Tom Evslin: AT&T is Ripping Off American Soldiers. It’s bad enough that they overcharge domestic customers but we have alternatives. The soldiers don’t because, according to The Prepaid Press, AT&T has an EXCLUSIVE contract to put payphones in PXes in Iraq and Afghanistan. But, you ask, can’t the soldiers get cheap calling cards to call the US? No! Because AT&T is using (abusing!) its position as monopoly supplier of payphones to block the 800 numbers necessary to use nonAT&T calling cards.
See Tom’s follow-up posts as well (here, here).
He points out that this greedy — but, it seems, entirely legal — stance was instituted prior to SBC’s buyout of the company. I suspect that the plan was to continue it, but also suspect the revelation of this abuse will force the company to modify its policy. (Tom wonders if the new management even knows about the situation, but if it didn’t surface during pre-purchase due diligence someone senior should be fired.)
I’ve had my own trouble lately with AT&T, but it’s small potatoes next to this poor treatment of men and women who a) are putting their lives on the line every day and b) have no alternative. (I had alternatives when AT&T put me through a wringer in my ultimately unsuccessful attempt to add minutes to my phone card, and I took one.)
Big Media has all but ignored the AT&T Iraq phone card story. Here’s a CNN report about a story in the Newark Star Ledger from a year ago; I can’t find the original online. This looks like a story that got barely noticed, and then ignored. Why? I doubt it’s because AT&T is such a major advertiser. More likely, reporters and editors say to themselves, “Well, the Star Ledger has already written the story. It’s old news.”
It’s not old news when the overcharging continues.
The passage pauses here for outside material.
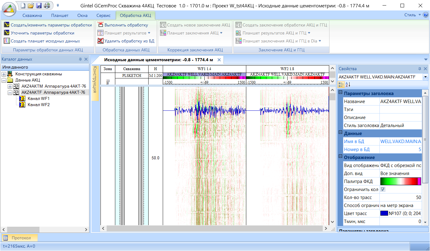 Обработка данных СГДТ, регистрируемых аппаратурой СГДТ-НВ или различными одно-и многоканальными цементомерами, выполняется совместно с другими методами каротажа (ГГКп,НК,ГК, КВ).

And in the way the Web can have of elevating important news, a posting on the O’Reilly Emerging Telephony site, pointing to Evlin’s posting, got “Digged” in a major way. Jeff Jarvis and other prominent bloggers have linked to it as well. I predict it’ll be back in the Big Media very soon now.
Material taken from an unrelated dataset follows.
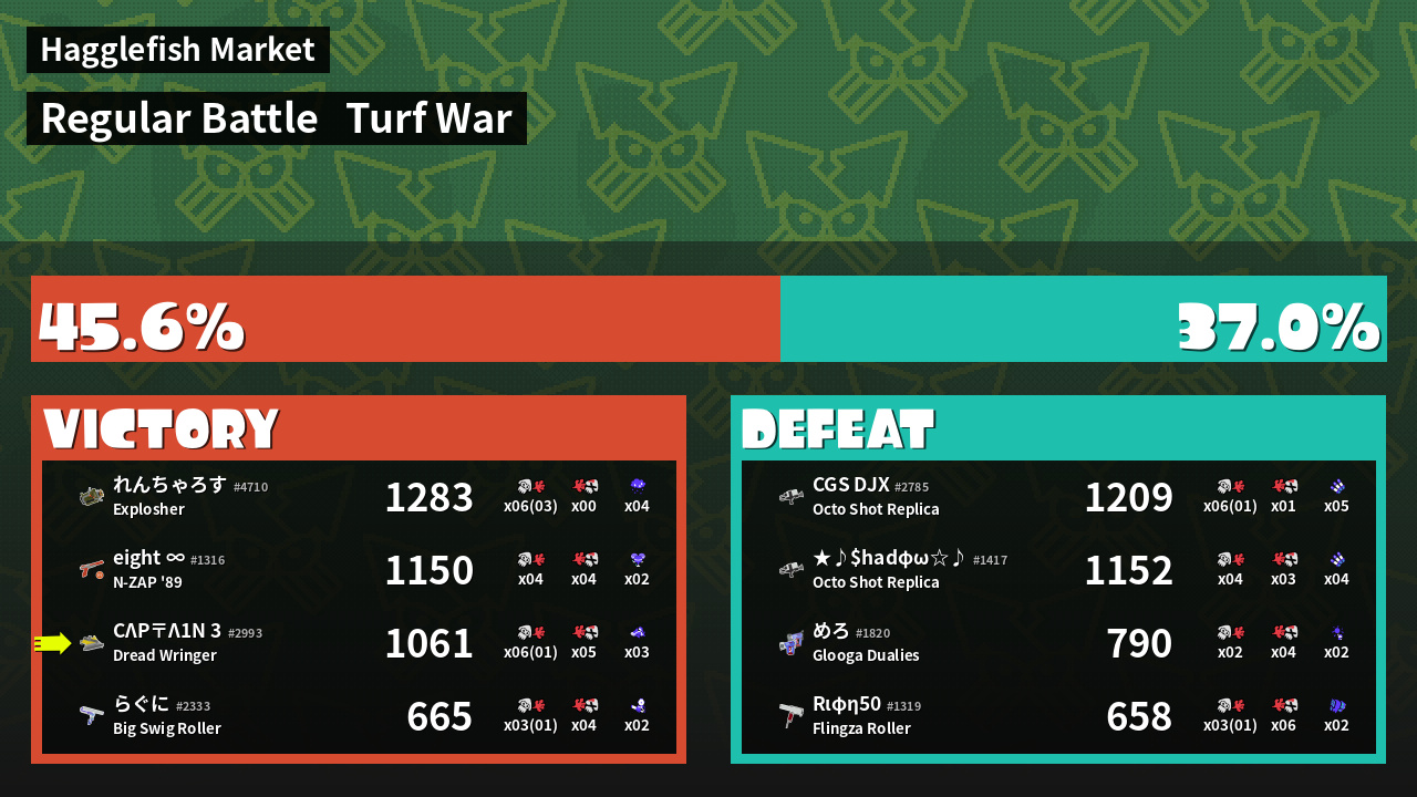 | Medals | #1 Overall Splatter #1 Home-Base Inker #1 Enemy Splatter | ||

Tom notes that this issue seems to have originated, in any event, with an publication called the Prepaid Press, which sells newsletters and runs an online site as well. In an update, the publication’s Gene Retske notes that the American Legion is taking up the soldiers’ cause. Good for the Legion, good for Retske and Evslin; the latter two are using citizen journalism to stir up the right kind of trouble.